WHAT YOU NEED TO DO: The task calls for the lines from the start of the entries below through the line with "Cancer Research Fund)的资助。", given again verbatim, with every picture dropped.

TASK DATA:
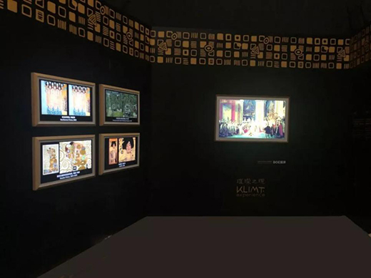2018年是奧地利國寶級藝術大師,維也納分離派代表人物克里姆特逝世100周年,為紀念這位世界最負盛名的藝術家特別策劃了這次“璀璨之境——克里姆特映像藝術大展”,7月12日,“璀璨之境——克里姆特映像藝術大展”在上海虹橋藝術中心舉行開展儀式,并于13日起,這一風靡歐洲的藝術展正式對外開放,在三個月的展期內,將運用不同多媒體設備展示300余幅克里姆特作品的高清影音資料,用光影傳遞來自百年前對愛與永恒的探尋與表達。本次大展采用了全球最先進的Matrixx-dimension技術和歐洲最先進的VR觀展系統,通過光線、聲音、視頻、互動影像等技術將藝術與科學完美融合。同時,此次展覽的影像設備支持由BOE畫屏提供,現場真實還原了克里姆特的藝術作品,用科技詮釋了藝術之美。
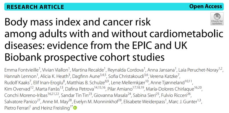 相关研究论文以“Body mass index and cancer risk among adults with and without cardiometabolic diseases: evidence from the EPIC and UK Biobank prospective cohort studies ”为题,已发表在科学期刊 BMC Medicine 上。该研究得到了世界癌症研究基金会(World Cancer Research Fund)的资助。
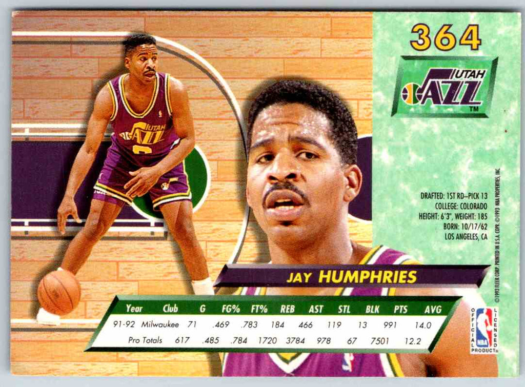This 1992 Fleer Ultra Jay Humphries #364 card is a must-have for any basketball fan! Featuring a full-color action shot of the 6-time NBA All-Star, this card is sure to be a conversation starter in any collection. Humphries' career highlights include six All-Star appearances, a two-time All-NBA selection, and a selection to the NBA All-Defensive Second Team. This card celebrates the accomplishments of one of the NBA's greatest players and is sure to be a treasured addition to any basketball card collection.
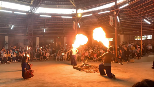 接下来,采风队伍来到了平桂区黄田镇,观看了土瑶寨篝火晚会。土瑶是瑶族中人口数量最少的一个支系,全世界只有4000余人且仅存于贺州,十分稀少。土瑶神韵皆在展现土瑶神奇的民风与极具韵味的民俗,通过对土瑶的宗教信仰与艺术表演形式的融合,提练出一场民族风情歌舞表演及游客参与性强的娱乐节目。如上刀山、踩火筒、生吞木糠吐圣火等。男青年们穿着土瑶族服饰,毛巾裹头,上身是长袖四兜、蓝白相间的超短衣服,下身穿宽大黑裤。女人的服饰由平顶木帽、黑色长衣、蓝白短衣、短裤和彩色腰带5个要素组成,木帽和腰带上缀有七彩斑斓的丝线,像彩虹一样鲜艳夺目
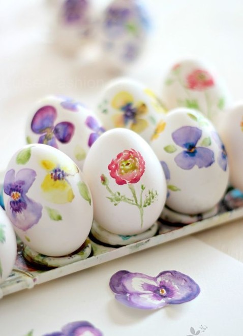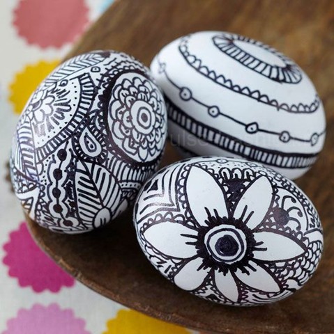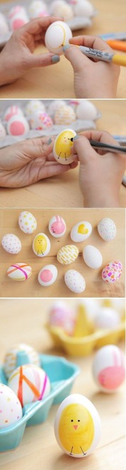 Если вы неплохо рисуете, то вам вполне под силу будет разукрасить яйца своими руками с помощью красок, маркеров или фломастеров. Это могут быть незамысловатые рисунки, типа цветочков, смайликов, полосочек и т.п.
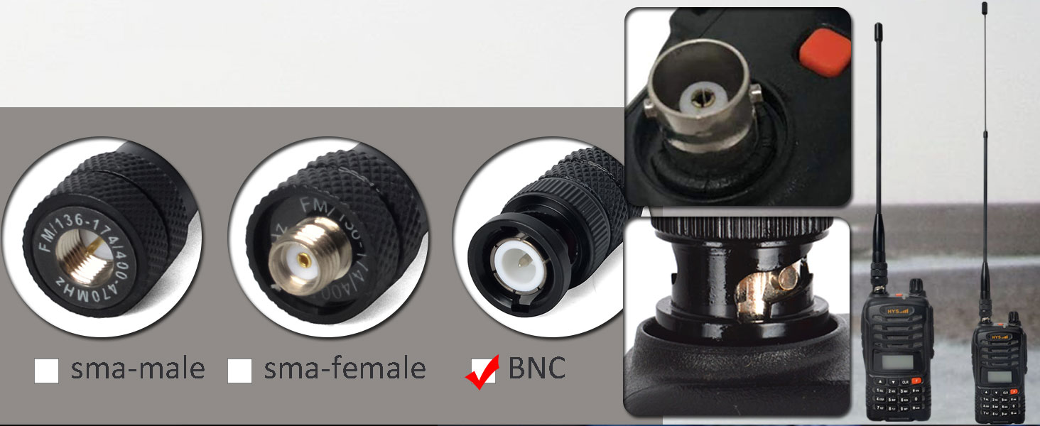 Purchased one of these for 1980's Yaesu FT-530 dual band HT. Nice BNC connector and well made. Perfect 8" for everyday use. Bonus if you want a 14", gently pull the top of the antenna and "thin wire" 6" will slide out from center of antenna. Works extremely well for its price. Better 2meter & 440 trans-receive than some of my $25-$35 Diamond, Comet, etc. So impressed with performance and the telescopic design that I purchased 2 more to store away. I paid $39 for a Diamond BNC metal telescopic that is approx. 6" when closed and 13" when fully extended. Only can transmit on Diamond when extended without radio damage. This HYS performs flawlessly with same range of local repeater (18 miles away) @ 1 watt without extending the hidden thin wire. My fav antenna out of 5 diff BNC's
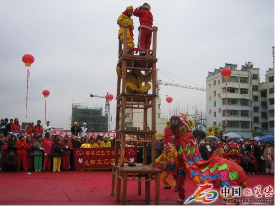 高臺是用5至7張八仙桌一層層疊壘,最上面的桌子四腿朝天,總高度近8米。四人登臺表演。兩個人扮獅子,把獅頭獅皮披在身上,只露雙腳;另外兩人分別裝扮成孫悟空和笑臉和尚揮舞手帕,大蒲扇逗引獅子逐層攀上高臺,為了穩(wěn)固,安全起見,每張桌子的四角都用草紙疊浸水后墊著防滑,做到萬無一失。
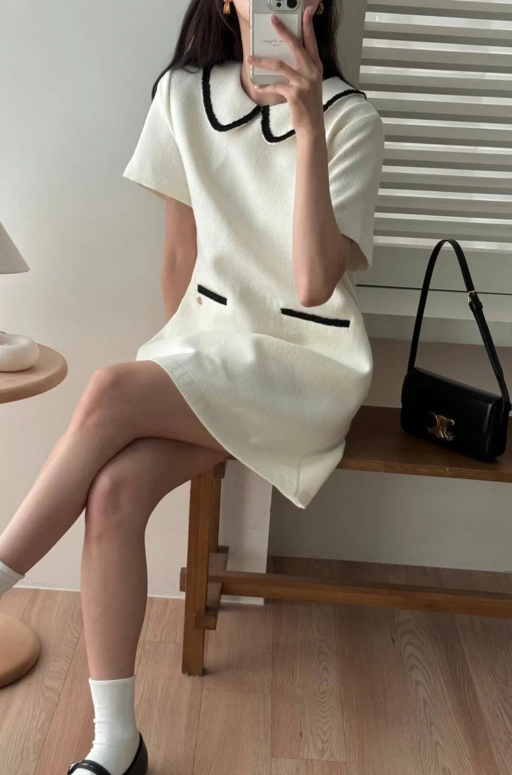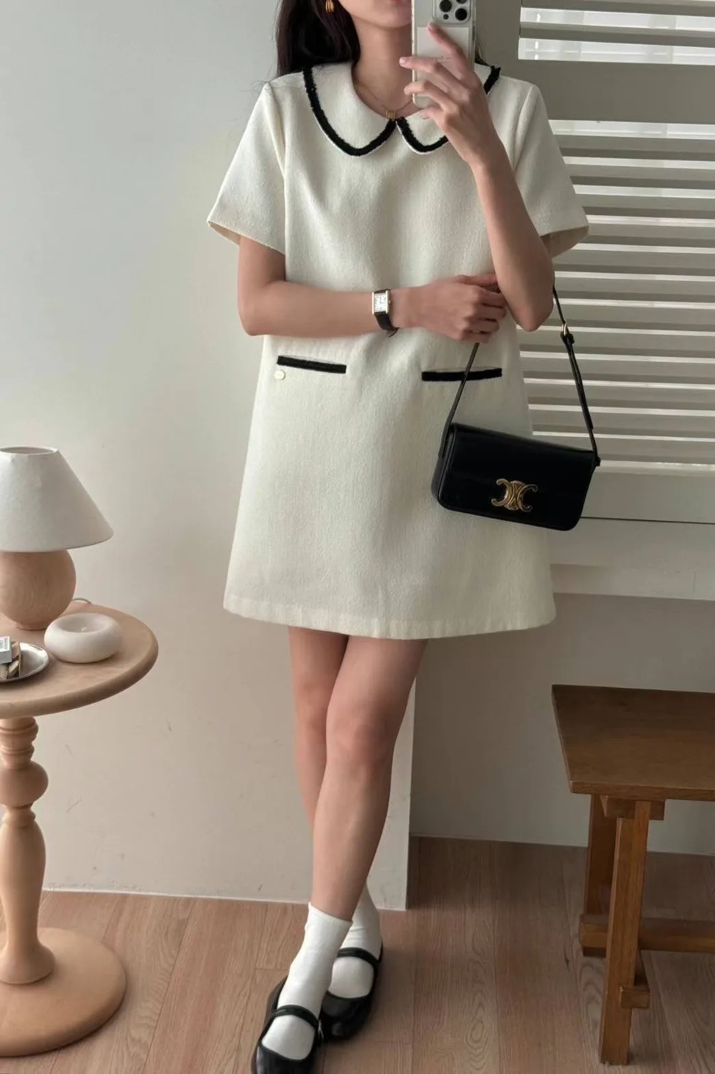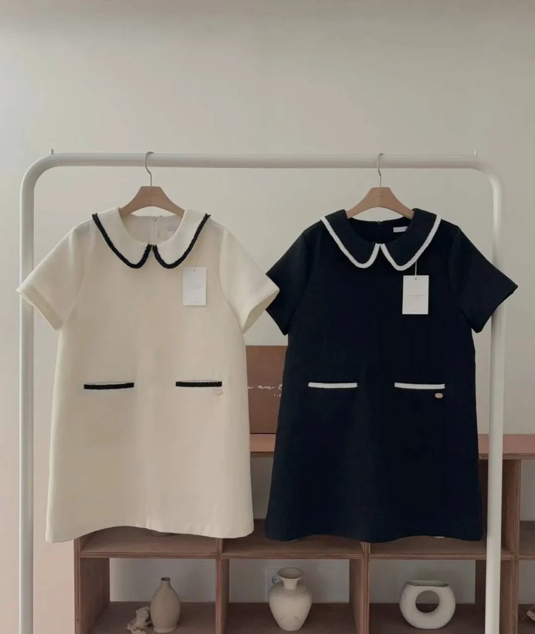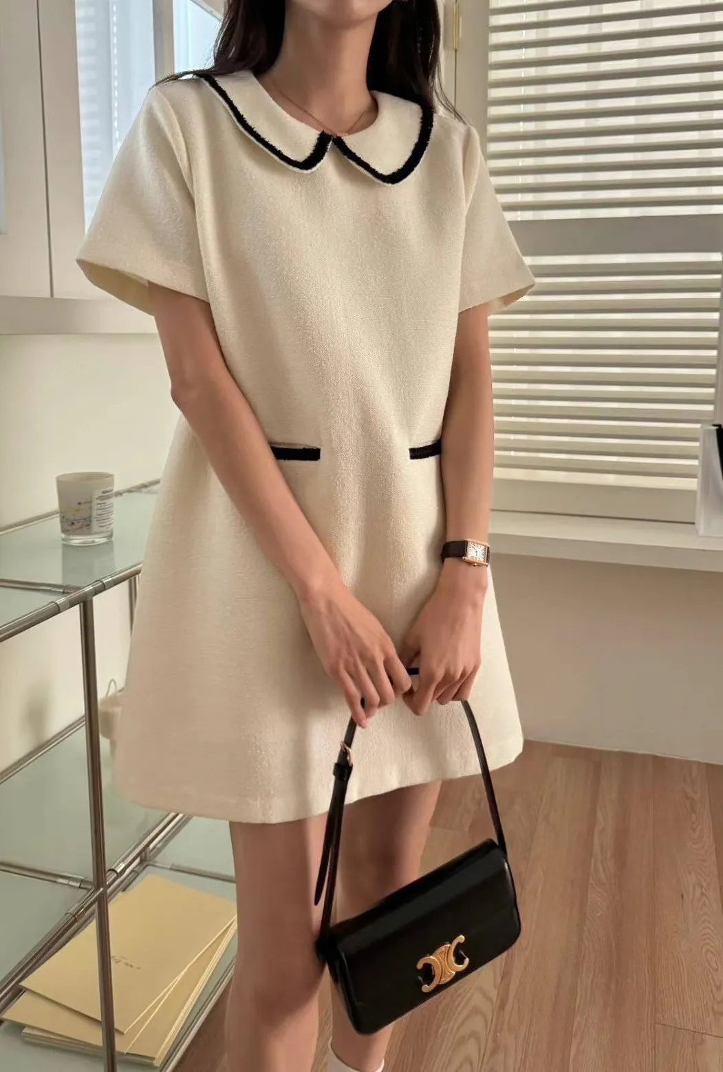 KM161滾邊跳色翻領小香風洋裝 米 黑 官網價$1660  線上價$1630

EXERCISE OUTPUT:
2018年是奧地利國寶級藝術大師,維也納分離派代表人物克里姆特逝世100周年,為紀念這位世界最負盛名的藝術家特別策劃了這次“璀璨之境——克里姆特映像藝術大展”,7月12日,“璀璨之境——克里姆特映像藝術大展”在上海虹橋藝術中心舉行開展儀式,并于13日起,這一風靡歐洲的藝術展正式對外開放,在三個月的展期內,將運用不同多媒體設備展示300余幅克里姆特作品的高清影音資料,用光影傳遞來自百年前對愛與永恒的探尋與表達。本次大展采用了全球最先進的Matrixx-dimension技術和歐洲最先進的VR觀展系統,通過光線、聲音、視頻、互動影像等技術將藝術與科學完美融合。同時,此次展覽的影像設備支持由BOE畫屏提供,現場真實還原了克里姆特的藝術作品,用科技詮釋了藝術之美。
 相关研究论文以“Body mass index and cancer risk among adults with and without cardiometabolic diseases: evidence from the EPIC and UK Biobank prospective cohort studies ”为题,已发表在科学期刊 BMC Medicine 上。该研究得到了世界癌症研究基金会(World Cancer Research Fund)的资助。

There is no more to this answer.